Backend Optimization

VGGT-SLAM employs nonlinear factor graph optimization to achieve consistency in global map reconstruction. The optimization targets maximum a posteriori estimation, and Levenberg-Marquardt is used to iteratively solve for the best homography alignments. Here, VGGT-SLAM delineates a transformation path directly on the SL(4) manifold, a novel approach in SLAM applications.

Experimental Results

VGGT-SLAM demonstrates competitive results on the evaluation benchmarks, often surpassing or matching state-of-the-art uncalibrated SLAM systems. The system maintains accuracy in sparse mapping and dense point cloud reconstruction across various RGB-D datasets.

Limitations and Future Work

While effective, VGGT-SLAM faces challenges, such as handling homogeneous planar scenes and potential degeneracies in homography calculations under consistent local point errors.
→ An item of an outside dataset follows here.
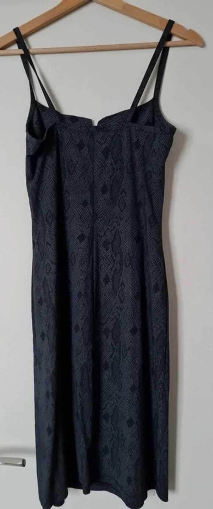 Robe fine bretelles gris/bleu très foncé, stretch avec imprimé peau de serpent(?). Coupe droite, petite fente au niveau du décolleté. Assez longue (je mesure 1m63). Jamais portée. Je ne sais plus la marque (il n'y a plus d'étiquette, juste la petite attache en plastique 😅). Taille 34. Tous mes articles sont lavés avant la vente. J'ai beaucoup d'articles donc n'hésitez pas à utiliser les filtres sur mon dressing pour trouver votre bonheur, faire des lots et profiter de réductions ! 😊 - 10% dès 3 articles 👗👚🩱 - 20% dès 5 articles 👡👙🧥👖👢
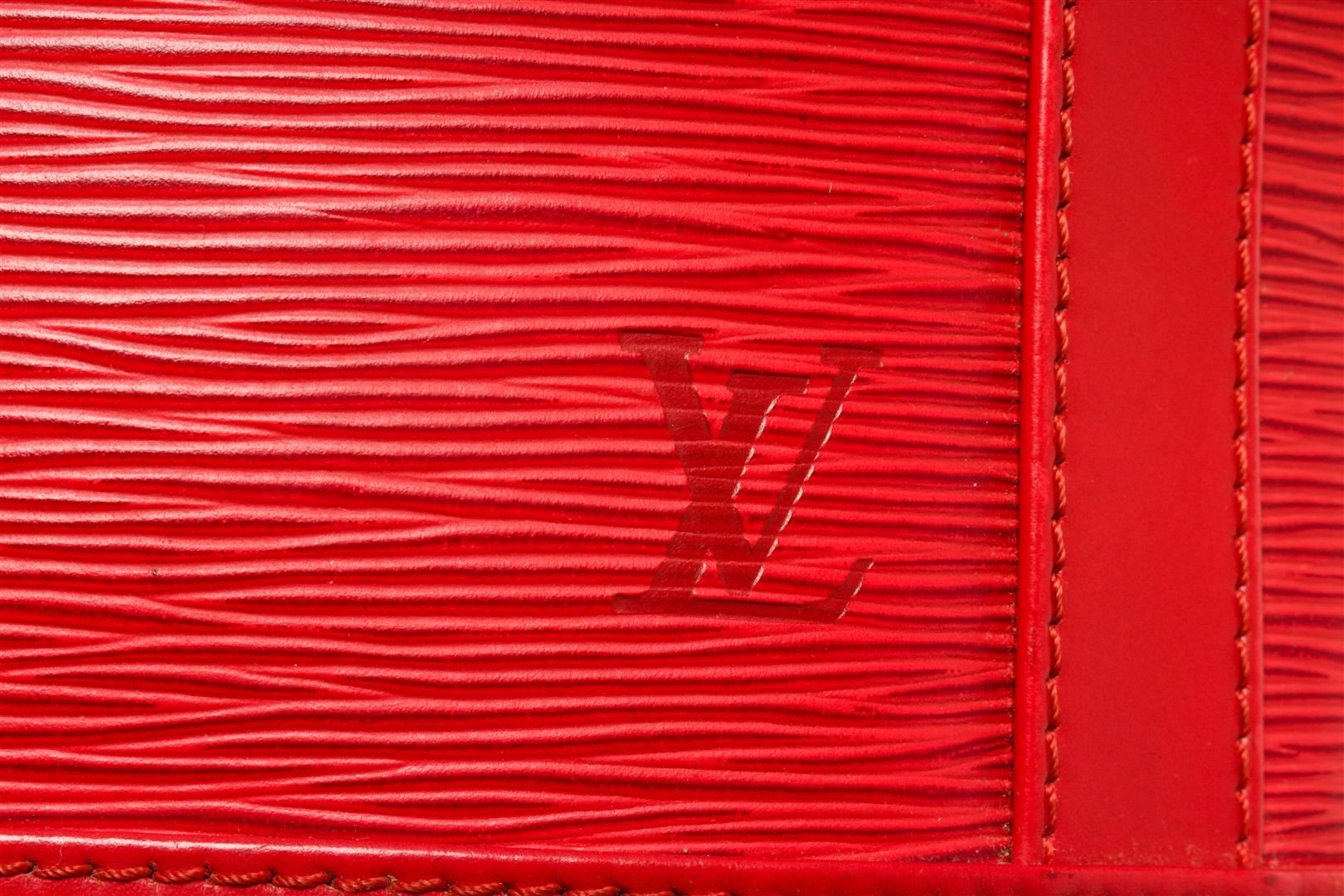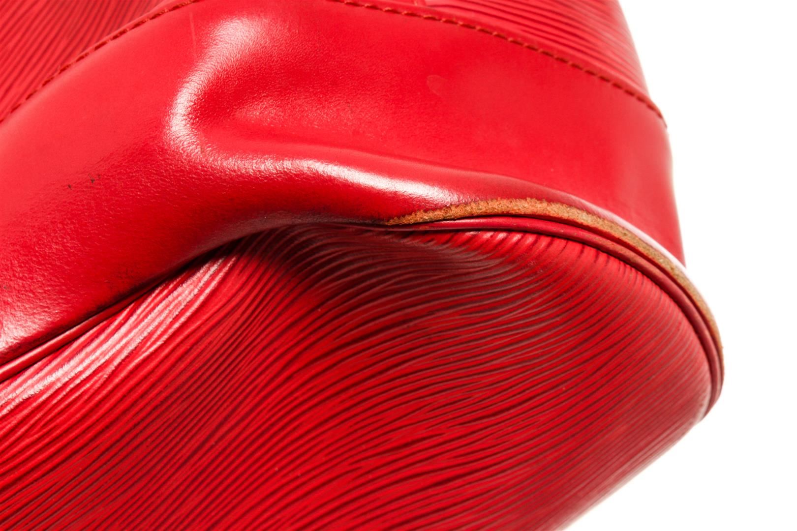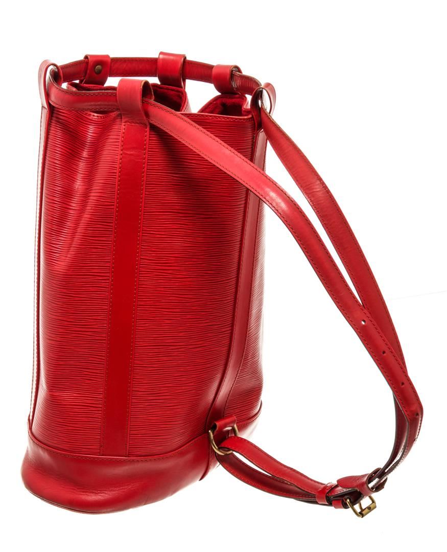 One Louis Vuitton Red Epi Leather Randonnee PM Backpack. Item is sold AS-IS. All available information is listed in the description and shown in the photo. Louis Vuitton Epi Leather Randonnee PM Backpack with gold-tone hardware, leather trim, embossed LV logo at the bottom front, black suede lining, interior zip pocket, adjustable leather strap, and drawstring closure. .

Future improvements may involve integrating robust estimation techniques like ray-based matching to mitigate these issues.

Conclusion

VGGT-SLAM represents a significant shift in SLAM methodologies, introducing the optimization on SL(4) manifold to address projective ambiguities. Its success with dense monocular SLAM systems portends further advancements in feed-forward scene reconstruction. This opens avenues for more scalable systems that can leverage broader visual information across extensive real-world environments.